** MATERIAL PROVIDED follows **

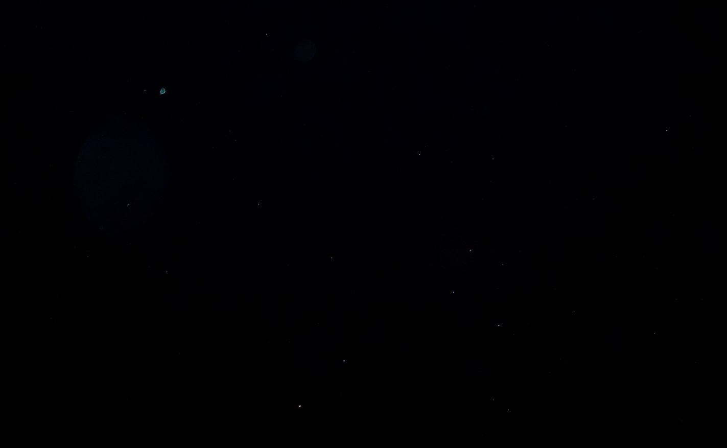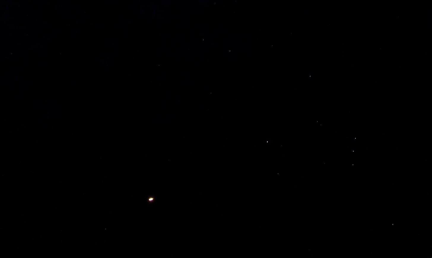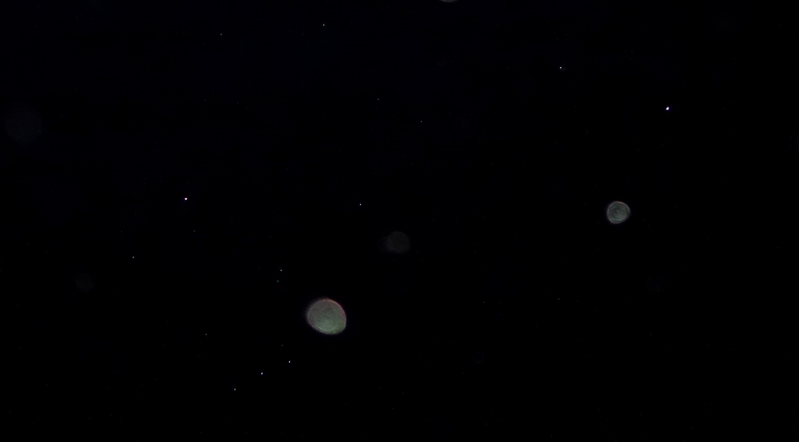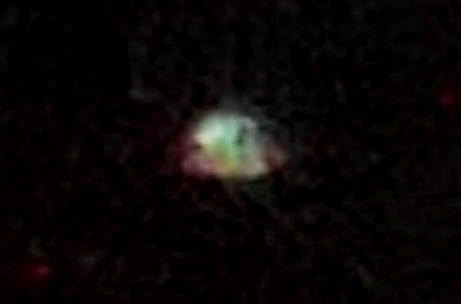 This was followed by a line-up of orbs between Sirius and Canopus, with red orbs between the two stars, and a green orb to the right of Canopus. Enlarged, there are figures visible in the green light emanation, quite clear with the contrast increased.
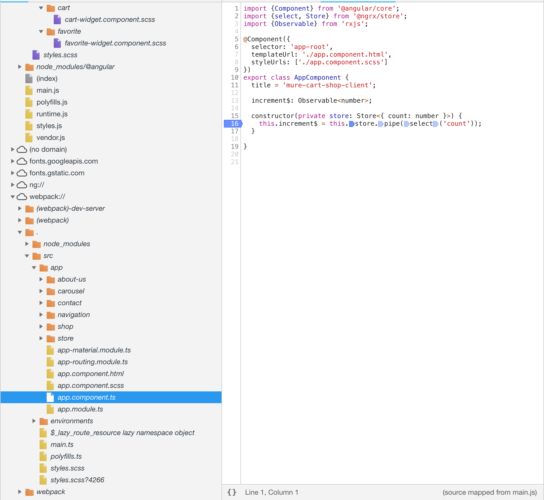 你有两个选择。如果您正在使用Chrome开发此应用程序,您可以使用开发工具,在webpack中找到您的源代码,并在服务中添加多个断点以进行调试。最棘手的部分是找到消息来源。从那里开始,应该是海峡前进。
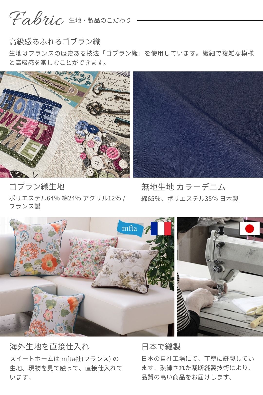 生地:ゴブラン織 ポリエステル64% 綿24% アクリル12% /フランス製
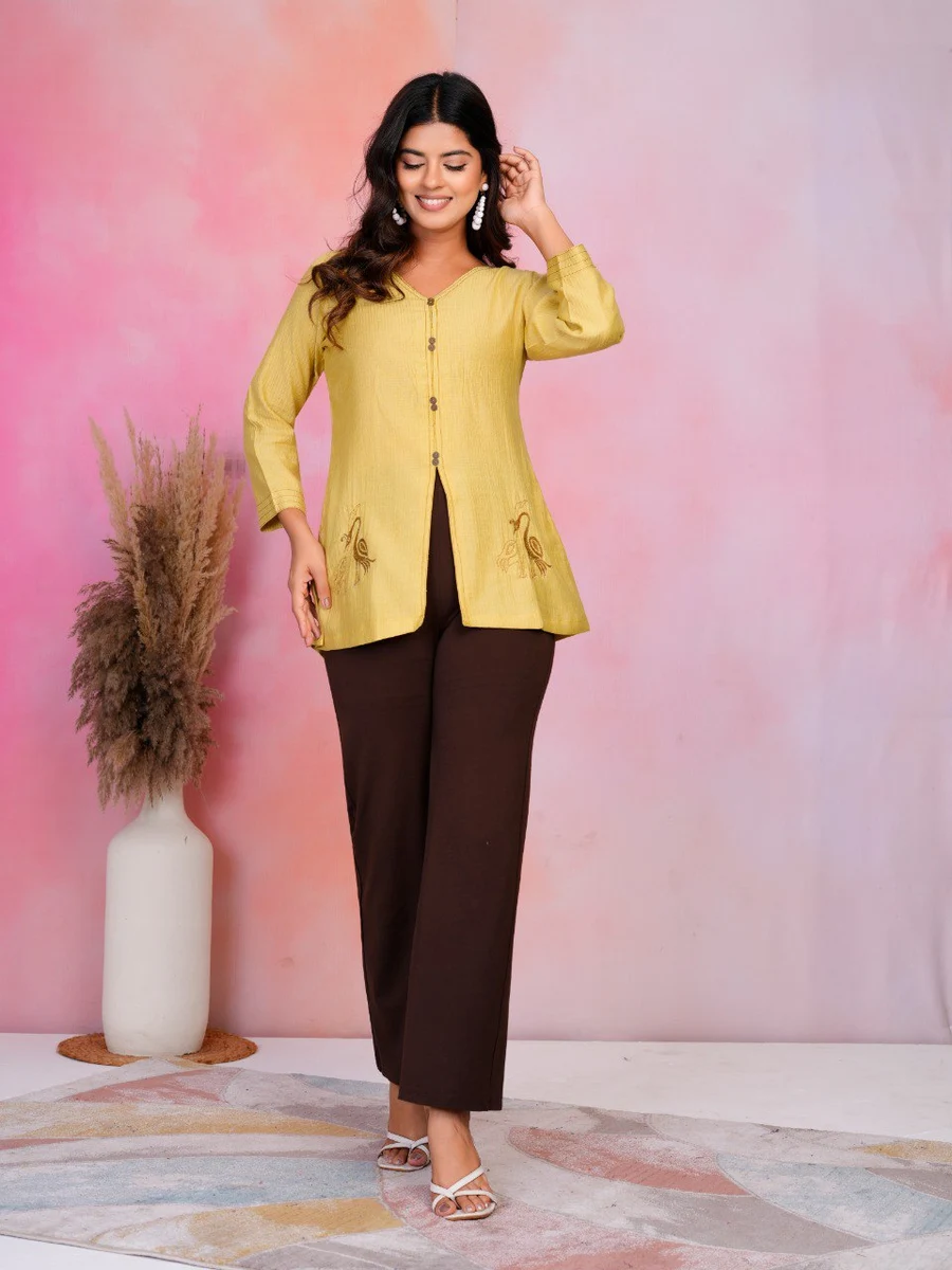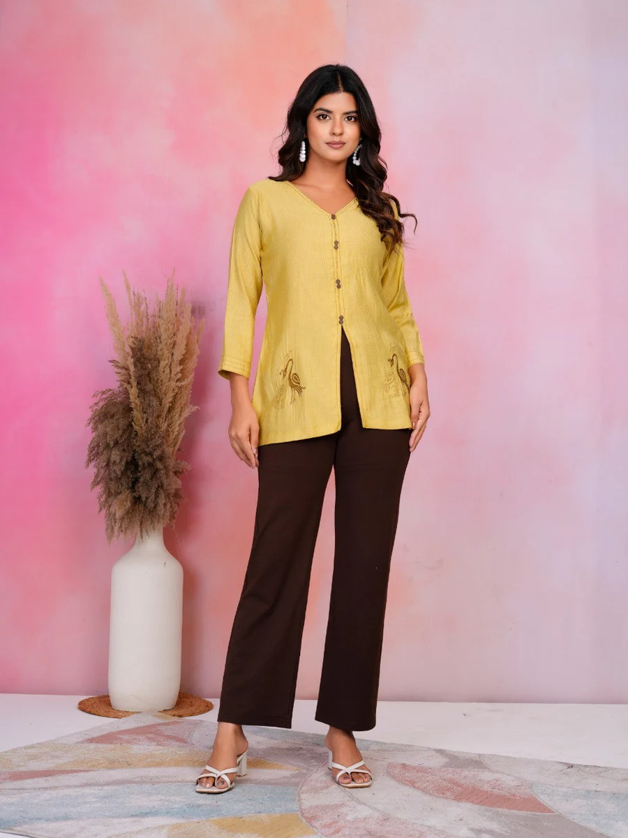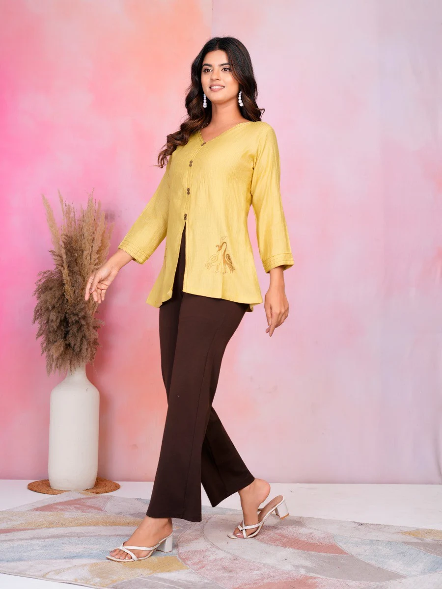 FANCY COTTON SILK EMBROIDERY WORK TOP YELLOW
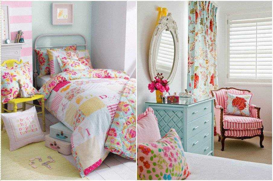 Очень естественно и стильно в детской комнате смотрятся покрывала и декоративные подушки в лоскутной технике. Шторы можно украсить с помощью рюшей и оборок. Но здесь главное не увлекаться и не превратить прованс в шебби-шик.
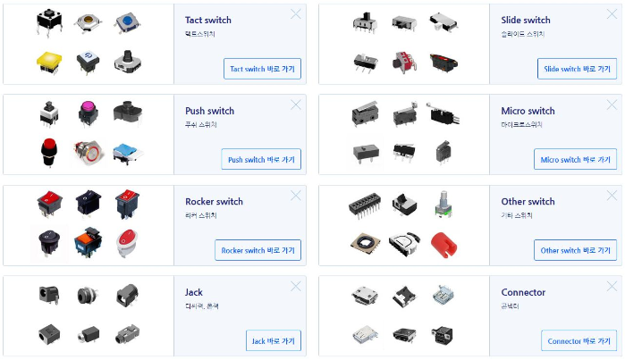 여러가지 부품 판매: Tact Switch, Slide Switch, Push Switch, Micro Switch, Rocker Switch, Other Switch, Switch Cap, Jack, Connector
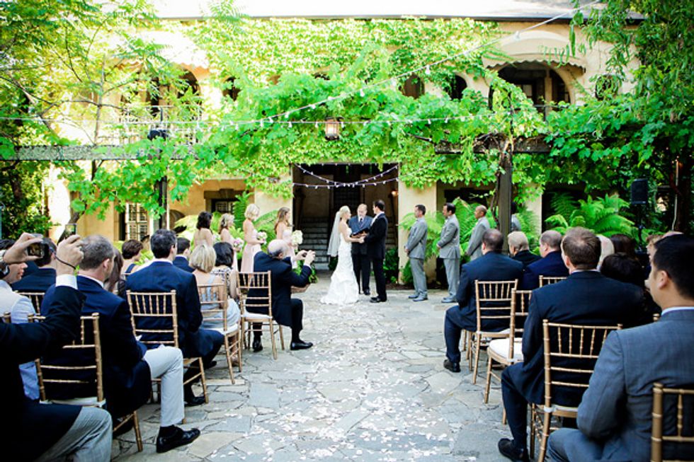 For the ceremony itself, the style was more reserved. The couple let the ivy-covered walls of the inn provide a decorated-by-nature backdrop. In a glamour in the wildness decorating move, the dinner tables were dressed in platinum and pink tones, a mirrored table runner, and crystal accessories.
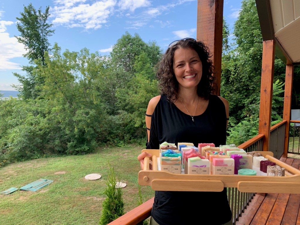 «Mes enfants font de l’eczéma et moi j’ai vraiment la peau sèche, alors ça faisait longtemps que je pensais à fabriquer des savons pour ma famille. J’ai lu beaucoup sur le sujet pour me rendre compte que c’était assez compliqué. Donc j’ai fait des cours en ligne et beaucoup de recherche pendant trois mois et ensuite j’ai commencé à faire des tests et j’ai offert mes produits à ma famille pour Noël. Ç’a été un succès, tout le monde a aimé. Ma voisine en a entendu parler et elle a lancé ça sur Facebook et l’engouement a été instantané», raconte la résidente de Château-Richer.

** End of MATERIAL PROVIDED **

THE PROBLEM: Excerpt from the records above: set down only the lines from the one that contains "여러가지 부품 판매: Tact" through the one that contains "For the ceremony", inclusive, word for word. Pictures stay out.

EXPECTED ANSWER:
 여러가지 부품 판매: Tact Switch, Slide Switch, Push Switch, Micro Switch, Rocker Switch, Other Switch, Switch Cap, Jack, Connector
 For the ceremony itself, the style was more reserved. The couple let the ivy-covered walls of the inn provide a decorated-by-nature backdrop. In a glamour in the wildness decorating move, the dinner tables were dressed in platinum and pink tones, a mirrored table runner, and crystal accessories.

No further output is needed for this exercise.